The remote system 140 executes an independence evaluator 200. The independent evaluator 200 receives the independence query 20 (e.g., from the user device 10, other modules executing on the remote system 140, or other remote entities). The independence evaluator 200 also obtains a first set of time-series data 310, 310a that includes a first series of data points 312, 312a that represent a respective first system value 152, 152a and a second set of time-series data 310, 310b that includes a second series of data points 312, 312b that represents a respective second system value 152, 152b. The first system value 152a and the second system value 152b represent values similarly produced (either directly or indirectly) by the first system 50a and the second system 50a respectively.

In some examples, the system values 152 represent a duration and/or latency of requests or commands to the systems 50 or availability of various resources of the system 50. For example, the first system value 152a represents a duration of a “create virtual machine” application programming interface (API) call to the first system 50a while the second system value 152b represents a duration of the “create virtual machine” API call to the second system 50b. In other examples, the system values 152 represent latencies in providing access to a resource or in providing responses to queries. Specifically, the first system value 152a of each data point 312a of the first set of time-series data 310a may include a latency value for providing a first resource of the first system 50a while the second system value 152b of each data point 312b of the second set of time-series data 310b may include a latency value for providing a second resource of the second system 50b (where the second resource of the second system 50a is equivalent to the first resource of the first system 50a). The resources include, for example, virtual machines (VMs) executing within the systems 50a, processing capabilities, storage, etc.

Notably, implementations herein do not rely on any specific examples of system values 152. That is, the sets of time-series data 310 may include data points 312 that represent any measurable system values 152 of the systems 50 as long as the system values 152 can provide suitably dense quantities of data (e.g., multiple records per second, minute, hour, etc.) and that the system value 152 for each system 50 are directly comparable (i.e., the system value 152 for each system 50 represents the same or similar measurement for each system 50).

The independence evaluator 200 may obtain the sets of time-series data 310 by receiving periodic system values 152 that form the data points 312) from the systems 50. The independence evaluator 200 may query the systems 50 for the system values 152. The systems 50 may automatically provide the system values 152 to the independence evaluator 200. In some examples, another module collects and/or processes the data and provides the sets of time-series data 310 to the independence evaluator 200. The independence evaluator 200 may obtain the time-series data 310 prior to receiving the query 20 or in response to receiving the query 20. That is, the time-series data 310 may be recorded or gathered or otherwise collected in preparation for receiving a query 20 in the future or in response to receiving the query 20.

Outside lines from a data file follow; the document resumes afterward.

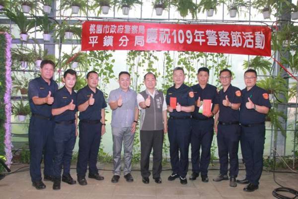 平鎮警分局為慶祝109年警察節,特別於11日下午,由分局長李建民及平鎮警友辦事處,宴請分局同仁享用歐式下午茶餐點,警察局長陳國進更是特別蒞臨嘉勉績優同仁,除此之外,本次慶祝活動更舉辦健行及籃球比賽,讓各單位同仁凝聚團隊精神,藉此慰勞辛苦的員警,平鎮警友辦事處主任葉雲宙更加碼贈送每位員警知名運動鞋及運動外套,讓大夥渡過屬於自己專屬的節日,員警直呼「真是太棒了」!
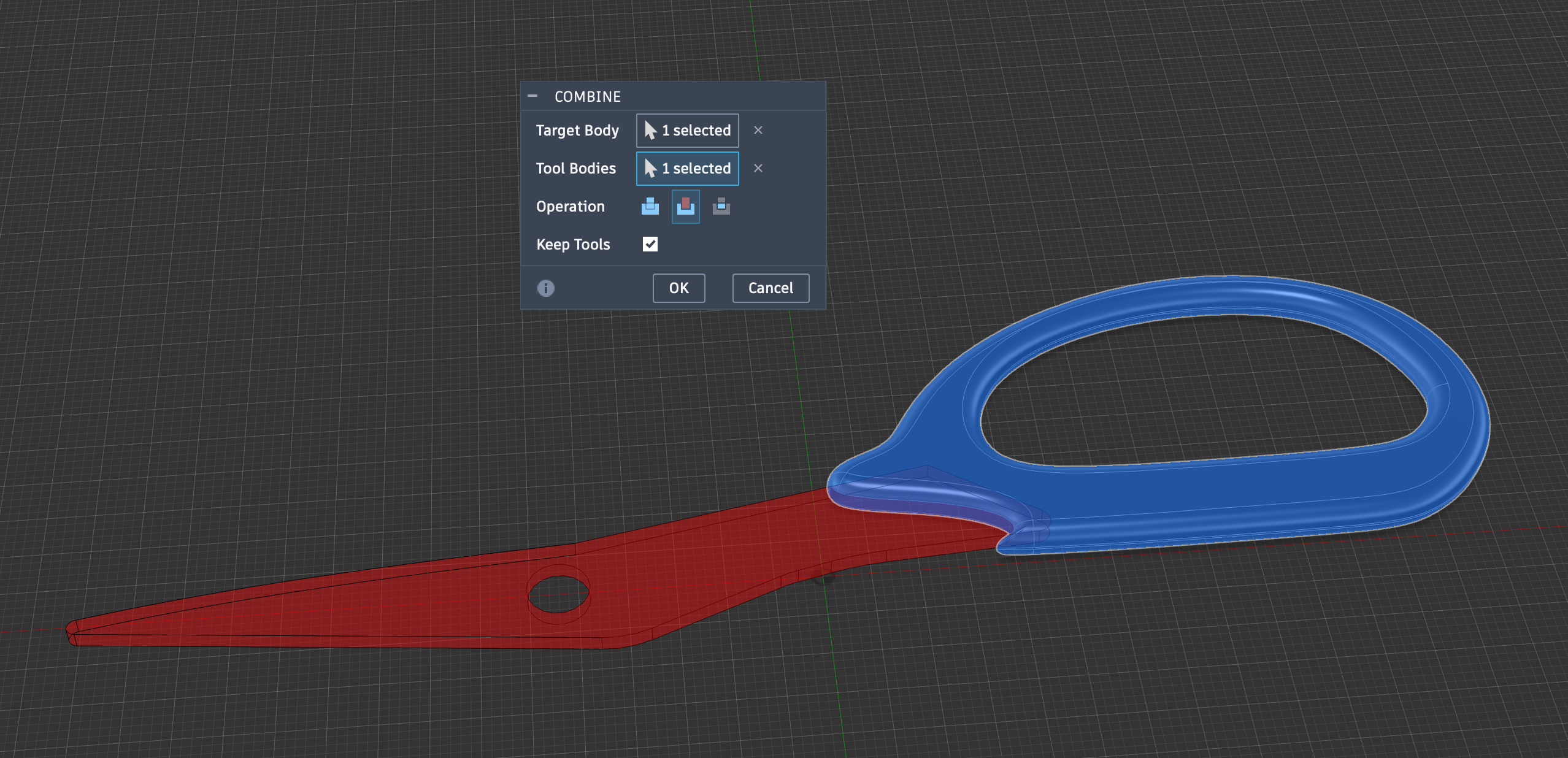 Ważne pod druk, należy zrobić otwór jeżeli jeden obiekt wychodzi z drugiego. W tym przypadku ostrze z rączki, dlatego rączka jest ,,Target Body'' a ostrze ,,Tool body''. Aby obiekt wycinający otwór, nam nie zniknął należy zaznaczyć ,,Keep Tools''
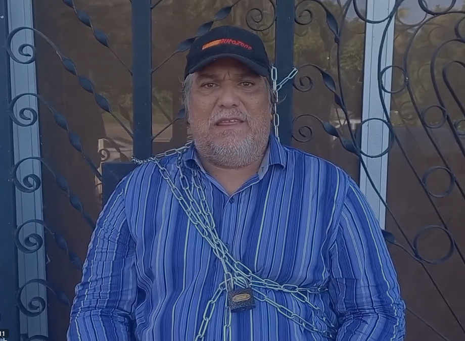 Santo Domingo. – El dirigente del PRM y coordinador administrativo de la dirección general de Aduanas, Miguel A Campos Guerrero, que no es oriundo del Municipio de Pedro Brand, se encadenó frente al Ayuntamiento de esa demarcación como forma de presionar a la Comisión Nacional de Elecciones Interna (CNI) del partido oficialista.
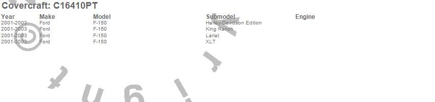 Below is an abbreviated list of applications for the Custom Fit Cab Cover.F-150, Ford, 2003, 2002, 2001
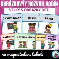 Obrázkový rozvrh hodin na magnetickou tabuli s obrázky dětí.
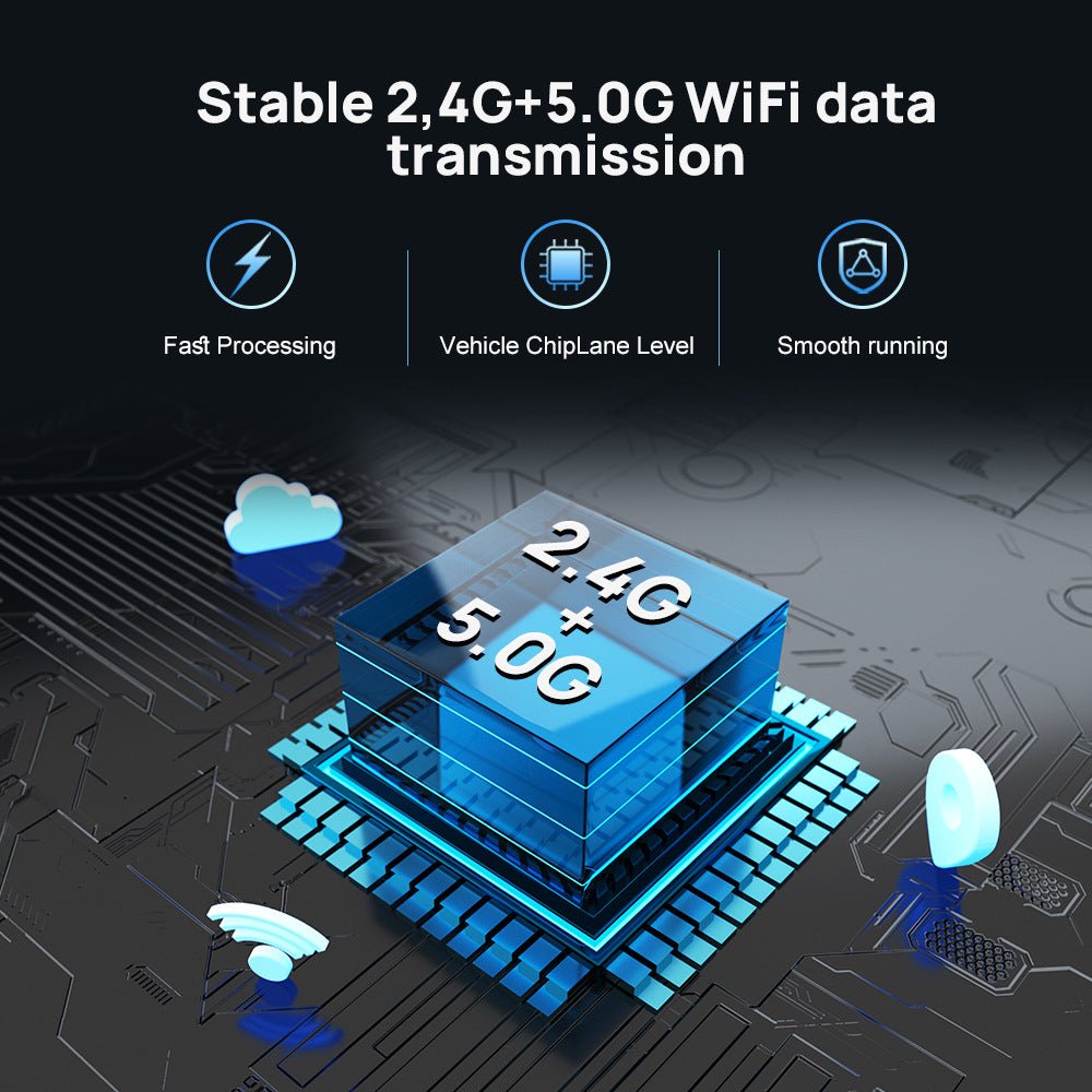[5G Transmission, Quad-core Low-power Chip]The wireless carplay adapter is equipped with 2.4G/5G transmission technology and adopts a newly upgraded quad-core low-power chip, which allows you to enjoy a faster and smoother connection, and alleviates the heat problem to the greatest extent from the root cause.
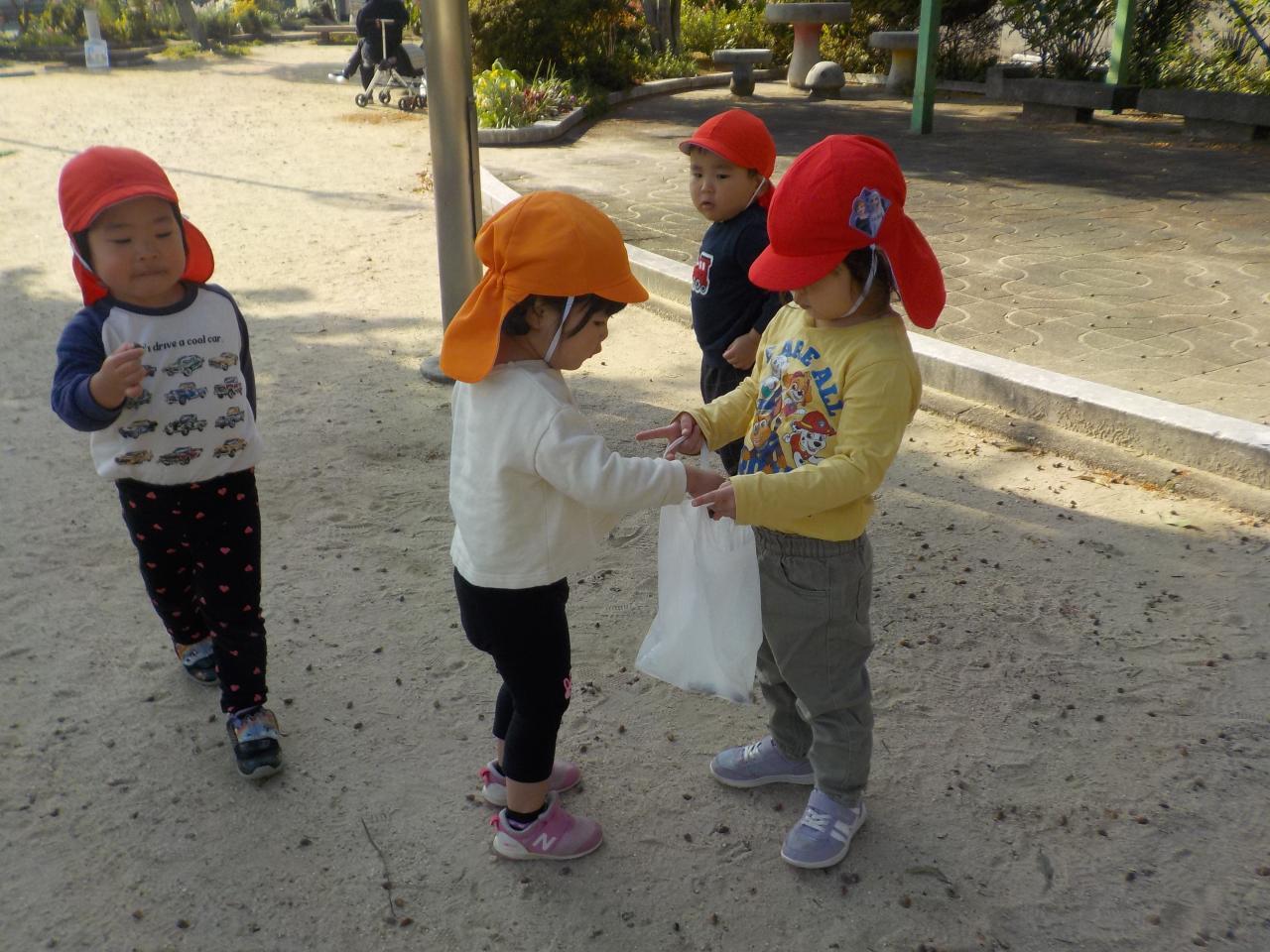 公園内の探索やどんぐり拾いに夢中の子どもたちでした♪
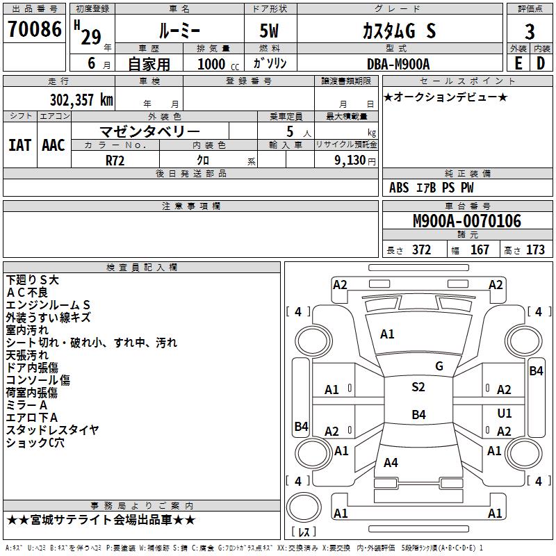 TOYOTA ROOMY - лот 70086
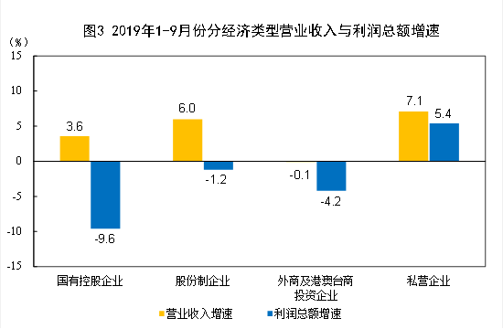 1—9月份,規(guī)模以上工業(yè)企業(yè)中,國(guó)有控股企業(yè)實(shí)現(xiàn)利潤(rùn)總額13892.7億元,同比下降9.6%;股份制企業(yè)實(shí)現(xiàn)利潤(rùn)總額33721.4億元,下降1.2%;外商及港澳臺(tái)商投資企業(yè)實(shí)現(xiàn)利潤(rùn)總額11341.9億元,下降4.2%;私營(yíng)企業(yè)實(shí)現(xiàn)利潤(rùn)總額12631.6億元,增長(zhǎng)5.4%。

The independence evaluator 200 determines an amount of correlation 162 between the first set of time-series data 310a and the second set of time-series data 310b The independent evaluator 200 may generate a report 170 indicative of the amount of correlation 162. The amount of correlation 162 represents a statistical analysis defining a degree to which the first system values 152a of the first set of time-series data 310a move in coordination with the second system values 152b of the second set of time-series data 310b. In some implementations, when the amount of correlation 162 between the first set of time-series data 310a and the second set of time-series data 310b satisfies a correlation threshold 164, the independent evaluator 200 reports that the first system 50a and the second system 56b are independent. Conversely, when the amount of correlation 162 between the first system 50a and the second system 50b fails to satisfy the correlation threshold 164, the independence evaluator 200 may report that the first system 50a and the second system 50b are not independent. The correlation threshold 164 may be configurable (e.g., based on resiliency requirements of the user 12). Optionally, the independence query 20 includes the correlation threshold 164. For example, the user 12 selects a high correlation threshold 164 when resiliency or fault tolerance requirements are relatively low (i.e., a significant amount of the correlation must be determined between the systems 50 before reporting a lack of independence). In other examples, the user 12 selects a relatively lower correlation threshold 164 when resilience requirements are less stringent. The report 170 may include the amount of correlation 162, the time-series data 310, or any relevant information (e.g., histograms of the amount of correlation 162). The independence evaluator 200 may transmit the report to the user device 10 or any other entity associated with the independence query 20.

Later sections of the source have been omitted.